About Me

AI and engineering leadership in healthtech and fintech, nonprofit founder, former researcher at Harvard.

I'm Aron Szanto. I head the Machine Learning Products department at PathAI, delivering AI-powered diagnostics and therapies for cancer and other diseases. Previously, I led ML at Kensho, where we built a pioneering portfolio of language model-backed technologies used by experts around the world. I've spent my career in the healthtech and fintech industries, aiming to create AI systems to enable people performing the most critical jobs on the planet — from the CIA to the operating room. Back before Language Models got Large, I studied statistical machine learning, computational economics, and mathematical philosophy at Harvard.

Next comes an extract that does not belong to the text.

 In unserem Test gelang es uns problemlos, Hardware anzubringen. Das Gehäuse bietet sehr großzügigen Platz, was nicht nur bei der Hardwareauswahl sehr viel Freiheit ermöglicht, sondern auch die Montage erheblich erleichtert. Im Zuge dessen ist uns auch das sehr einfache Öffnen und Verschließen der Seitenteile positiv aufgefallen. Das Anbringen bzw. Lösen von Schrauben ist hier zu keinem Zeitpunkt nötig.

I'm passionate about growing world-class teams that create outstanding and impactful technology. My work has focused on large language models and multimodal ML, complex disease diagnostics, fake news and misinformation detection, and human-computer hybrid systems. Some of my recent published research focuses on how fake and real news spread differently, building models to allow us to identify fake news before it diffuses widely.

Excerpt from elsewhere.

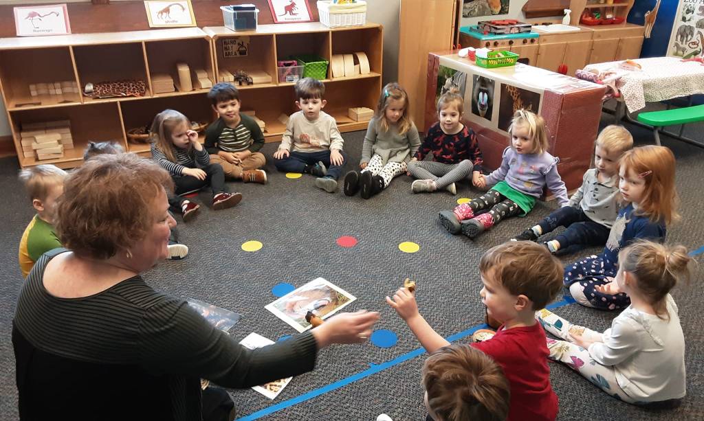 Meeting times are another important component. Children participate as a group through theme discussions, stories, music/movement, sharing bags, and more. Preschoolers have great ideas and experiences to share! We learn and develop together as a class throughout the school year.

When I'm not working, you'll find me playing cello in my orchestra, on the ultimate frisbee field, or hacking on an open source project. My music recordings and tech-stracurriculars are below! Other things you should know about me: my first name is properly spelled Áron and pronounced /ɑ'rõn/ (AH-rown), since my multicultural parents needed to be very authentic. I love espresso, dogs, and cooking. I'm terrible at singing, but I'm a great whistler. And though many have tried, you'll never be able to convince me that there's a city better than New York.

Projects

Here are some of my recent research projects. Everything here is open source—drop me a line if you want in!

CBL Graphs

Content-Blind Fake News Detection

Developed a novel machine learning methodology for identifying fake news on Twitter. Using only information about the topology of the Twitter network that forms around a news article, the model uses graph kernels to predict the truthfulness, bias, and subject matter of a rumor with high accuracy. The model outperforms both standard techniques and deep neural networks, demonstrating that network shape encodes rich and unique information about the content it surrounds. This work represents the state of the art in fake news identification within this domain, as published in The Web Conference (WWW), where I gave an invited talk about the work.

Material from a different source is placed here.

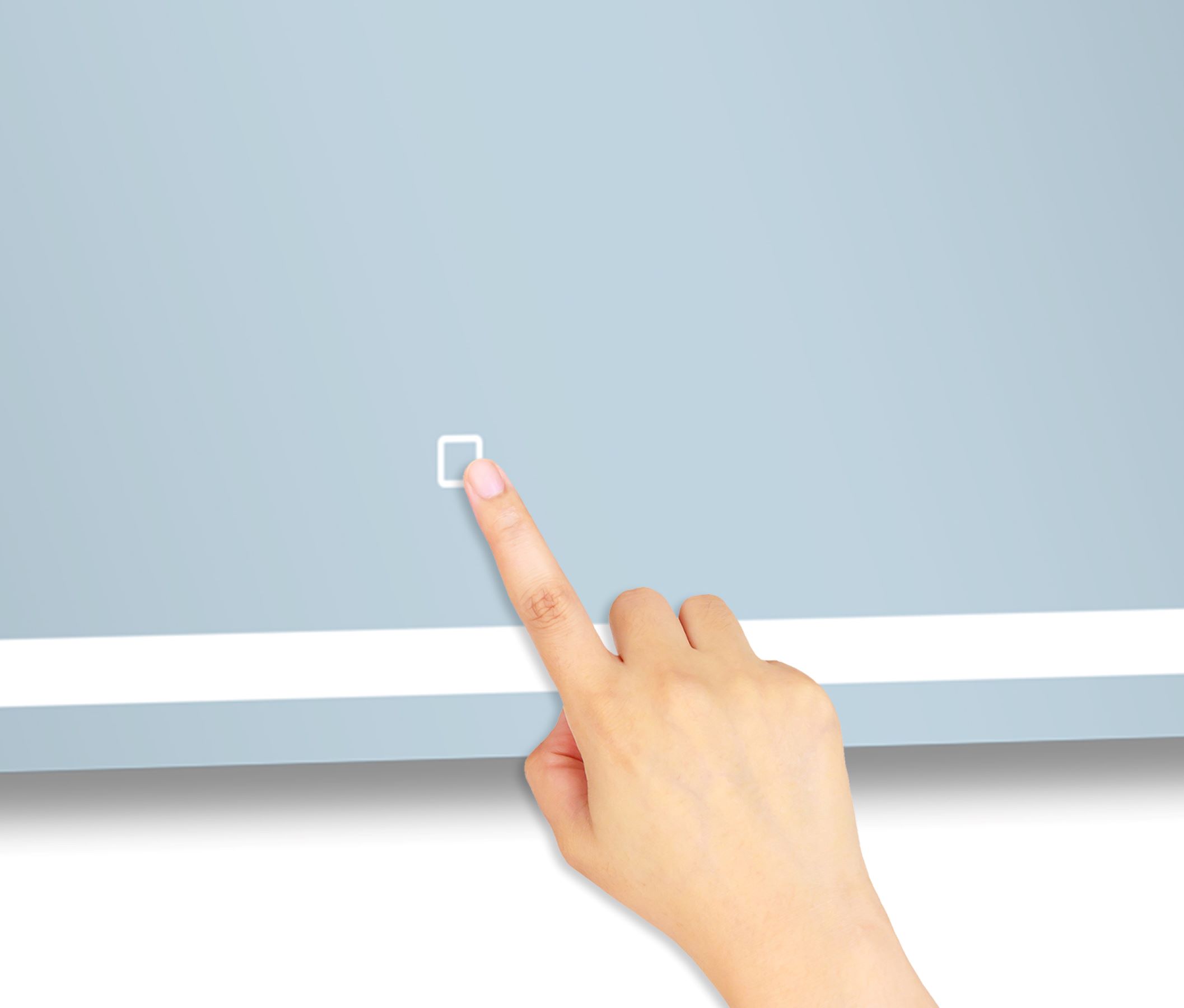 Włącznik dotykowy: Włącznik dotykowy 4 LED – najnowocześniejszy wśród sensorów. Uruchamia oświetlenie lustra za jednym dotknięciem palca. Wyróżnia się nowoczesnym kształtem w postaci zarysu kwadratu o białej barwie. Będąc pod napięciem włącznik pozostaje cały czas w funkcji czuwania, posiada własne podświetlenie LED, dzięki czemu bez problemu zlokalizujesz go w ciemnym pomieszczeniu. Średnica włącznika to 1,5 cm. Nowoczesny, innowacyjny, praktyczny.

GitHub AI-Assisted Collaboration

AI-Assisted Collaboration on GitHub

Sebastian Gehrmann and I built a system to understand how large-scale collaboration works on platforms like GitHub. We used neural networks and machine learning to analyze vast amounts of historical GitHub data, developing a model that could predict a user's future contributions and determine whether a project would be successful. These findings could inform an AI system that manages project contributors, organizes them into subteams, recruits relevant users, and shapes work to maximize success.

Airbnb Reidentification

Airbnb Reidentification

Airbnb claims to protect host privacy using probabilistic location fuzzing. Along with Emily Houlihan and Neel Mehta, I developed an algorithm to reidentify Airbnb hosts using public voter records, demonstrating that Airbnb's platform is not identity-secure. This research gained attention in a hit Medium story and coverage from The International Business Times, and was published in The Journal of Technology Science.